Plenty of research has been done about the connection between strong social skills and career success—especially in a workplace that is only becoming more automated.

Social skills are the key to teamwork and building long-term relationships, but they can feel hard to measure. If you lack them, you’ll suffer the consequences. People won’t likely say to your face that you lack social smarts, but the hard truth is that they may be less inclined to promote you or invite you out for after-work drinks.

The good news is that you absolutely can improve your interpersonal skill set, once you know what to focus on. Here are five concrete indicators that someone is socially adept:


Everyone wants to feel special, so a strong starting point is to make them feel great about themselves. If they’ve had a “win” of some kind, mention that, congratulate them, show that they are special in your mind. If you don’t know them personally—say in the case of a recruiter—do your research before you meet, and compliment the recruiter on his success rate in placing candidates. If you’re talking to your boss, mention that you appreciate the feedback she gave you on your last presentation.

Don’t worry that you’ll sound like a suck-up when you compliment the other person. Generally what seems like overzealous praise to you will sound like the absolute truth to the person with whom you’re speaking.


Another great skill is the ability to listen. It’s not as easy as you might think, which is why if you encounter someone who’s really good at listening, it often makes a strong impression.

study by the Harvard University Social Cognitive and Affective Neuroscience Lab revealed that people spend 60% of their conversations talking about themselves. When we aren’t talking, we’re often constructing our response.

The best strategy for developing your listening skills is to understand how to listen. Adopt a simple three-pronged approach:

  • Listen with your eyes: Understand the other person’s body language and what it means. Are they sitting with their arms crossed, for instance, or do they seem relaxed?
  • Listen with your mind: Try to understand what they’re thinking.
  • Listen with your heart: Sense what they’re feeling, even if they’re not saying something explicitly.

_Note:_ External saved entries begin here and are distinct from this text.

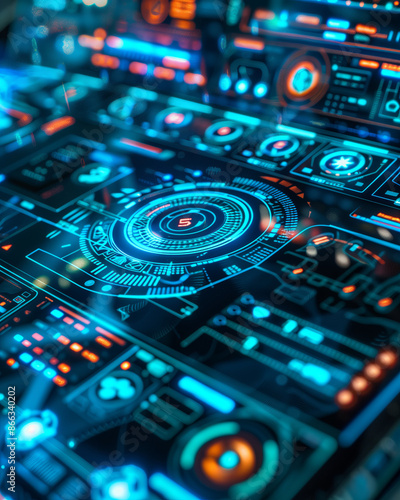 A detailed photograph of a sleek futuristic touchscreen interface displaying various data analytics and technological elements.
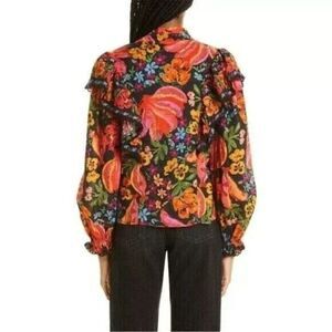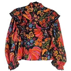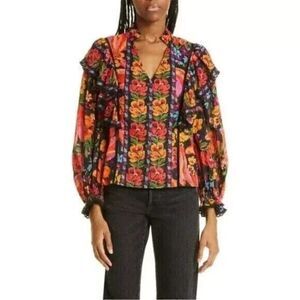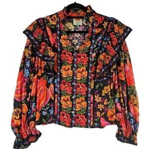 FARM RIO Printed Spring Bananas Red Black Floral Long Sleeve Blouse Size: Small New without tags With signature bold colors and vibrant prints, this ruffled blouse with puff balloon sleeves stands out in a crowd. Long sleeves
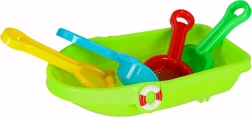 Cu acest set, copiii pot construi castele pe plajă sau se pot juca în nisip cu ajutorul formelor și uneltelor.
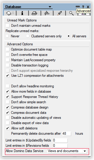 • データベースでのDominoアクセスサービスの有効化についての詳細はこちら
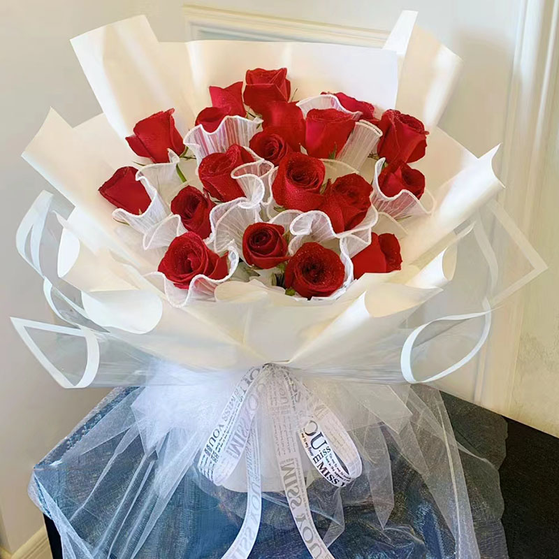 包装: 白色欧雅纸最里层造型,玻璃纸中间层,最外层白色网纱。同色系花结。
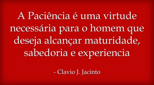 "A Paciência é uma virtude necessária para o homem que deseja alcançar maturidade, sabedoria e experiencia"
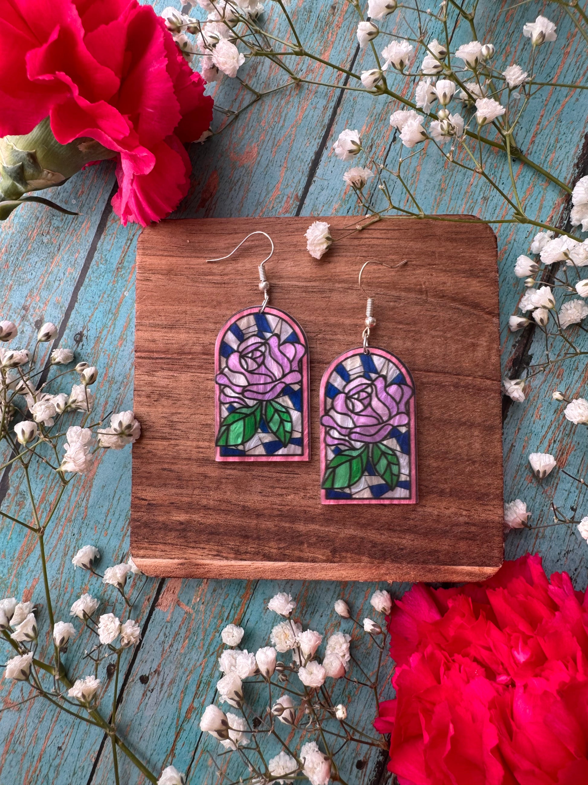 These pretty purple rose acrylic earrings resemble beautiful stained glass windows.
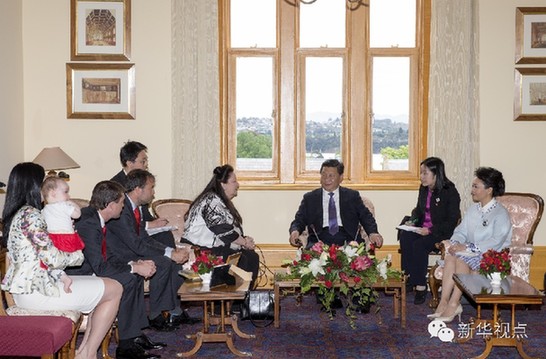 2014年11月18日,習近平在澳大利亞塔斯馬尼亞州看望已故前州長培根的家人。新華社記者丁林攝
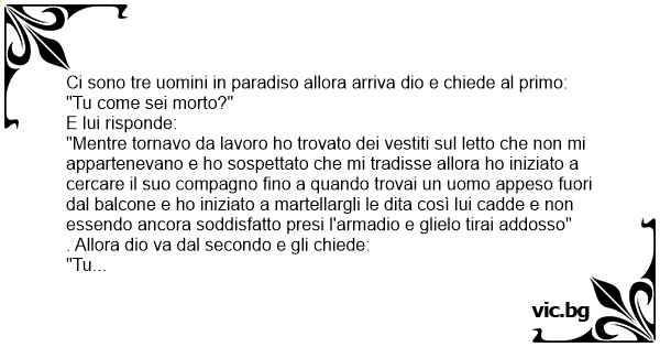 Ci sono tre uomini in paradiso allora arriva dio e chiede al primo:

You don’t have to do all three at the same time. But try one, then another, then another. Practicing this form of engagement will help you strengthen your connection with the other person.


We’re drawn to people who give us energy—people who are upbeat, enthusiastic, and positive in their outlook. To achieve this dynamic connection with others, think of leading and inspiring others, no matter your position. When it’s possible, resist complaining, blaming others, or bringing people down. Instead, talk about what’s been awesome about your day, or about an experience you and your colleague have shared.


Your social skills involve more than your words. To build interpersonal rapport, use centered body language.

Look others directly in the eye and show warmth. Don’t let your eyes dart away when someone passes or when you get a text on your phone. This will make the other person feel ignored—and rightly so!

Consider the expression on your face, and your tone of voice. Finally, align your body with that of the person you’re talking to. If you’re standing, mirror the other person’s body position. If that individual is sitting, sit down next to them, rather than towering over them.


This last but equally important skill is to thank others for what they have given you or done with you. I frequently spend time with people who ask for career advice or consult me on job opportunities. I am delighted to do this, but I am somewhat disheartened when there is no follow-up “thank you.” This is common courtesy. Saying “thank you” holds for job interviews, professional conversations, networking chats, and even encounters with friends.

You don’t necessarily have to send a handwritten note—although such notes can speak volumes. But by all means send a message that explains how much you got out of the meeting, and how grateful you are. If it’s an email, send it within hours of your meeting.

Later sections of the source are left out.